The IVT 0.014" Railwire™ is intended to facilitate the navigation and placement of angioplasty and interventional devices through tortuous peripheral and coronary vessels.

The IVT 0.014" Railwire™ is constructed from a stainless steel core wire that is distally tapered and fitted with a gold alloy coil. To minimize blood vessel trauma and to facilitate maneuverability, the distal tip is extremely flexible. The core is nominally 0.0136" in diameter. The coil, approximately 1.2 * in length with a nominal diameter of 0.0136", is made from a single continuous radiopaque gold alloy wire that has two different wind spacings. Both the core and coil are single continuous pieces that are secured together at two points. The core is inserted into the coil lumen and attached at the distal end utilizing a plasma arc technology that brazes the end of the gold alloy coil to the cylindrical bulb. This special process results in the formation of a gold alloy sphere. The proximal end of the coil is secured to the stainless steel core using a silver alloy solder. This design provides both unibody integrity and flexibility. The IVT Railwire™ will be manufactured in various lengths ranging from 100 to 300 cms. All Railwire™s will receive a final parylene (polypara-xylyene) coating prior to packaging and sterilization. Steering or guidance of the wire is achieved by shaping the tip and rotating the proximal end of the wire, thereby transmitting torque along the axis of the core to the flexible tip. This redirects the shaped tip of the Railwire™ allowing selection or avoidance of branch vessels, thus facilitating navigation in tortuous vessels.

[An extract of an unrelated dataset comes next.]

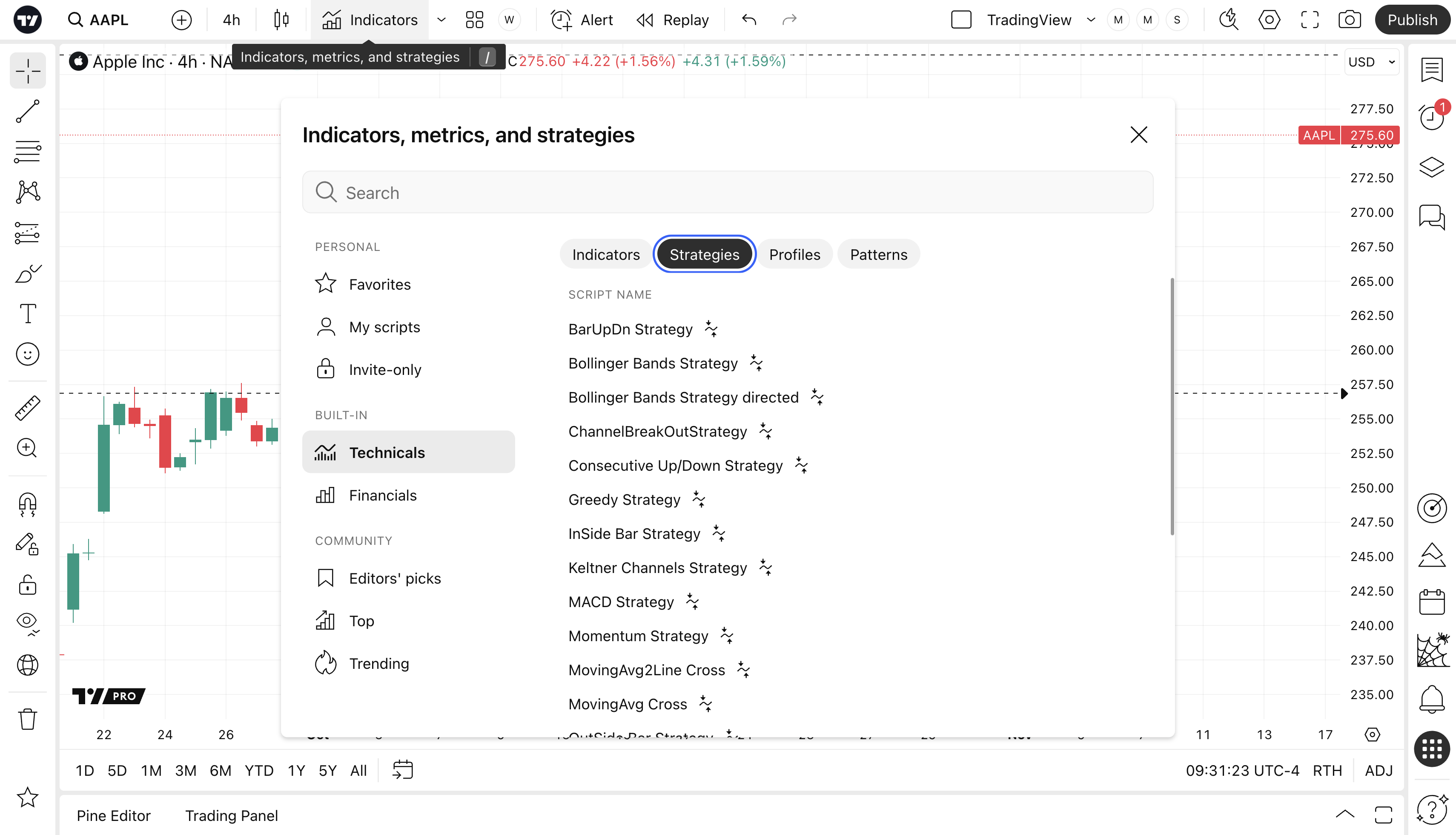 Để tạo cảnh báo cho một chiến lược, bạn cần chọn một chiến lược trong cửa sổ "Chỉ báo, số liệu và chiến lược". Tại đó, hãy mở tab "Kỹ thuật" và chọn "Chiến lược".

This document describes a medical device, the IVT 0.014" Railwire™, a guidewire. It does not contain information about studies related to AI/ML device performance, acceptance criteria, or ground truth establishment as it predates modern AI/ML medical device evaluations. The request for information such as "acceptance criteria," "sample size for test set," "number of experts," "adjudication method," "MRMC comparative effectiveness study," "standalone performance," "type of ground truth," "sample size for training set," and "how ground truth for training set was established" are all related to the evaluation of AI/ML-driven devices.

Therefore, since the provided text describes a physical medical device (a guidewire) and not an AI/ML-driven device, the requested information (acceptance criteria, study details, expert involvement, and ground truth for AI/ML evaluation) is not applicable or available within the given document.

The document discusses:

• Device Description: Construction materials (stainless steel, gold alloy coil), dimensions, coating (parylene), and mechanism of steering.
• Intended Use: To facilitate navigation and placement of angioplasty and interventional devices through tortuous peripheral and coronary vessels.
• Substantial Equivalence: Comparison to predicate guidewire devices (IVT 0.014" Guidewire, IVT 0.014" Peripheral Guidewire, Cook Family of Guidewires) based on intended use, materials, design, technical characteristics, labeling, biocompatibility, and physical performance testing.

It concludes that the device is safe, effective, and substantially equivalent to similar marketed devices based on these traditional medical device evaluation standards.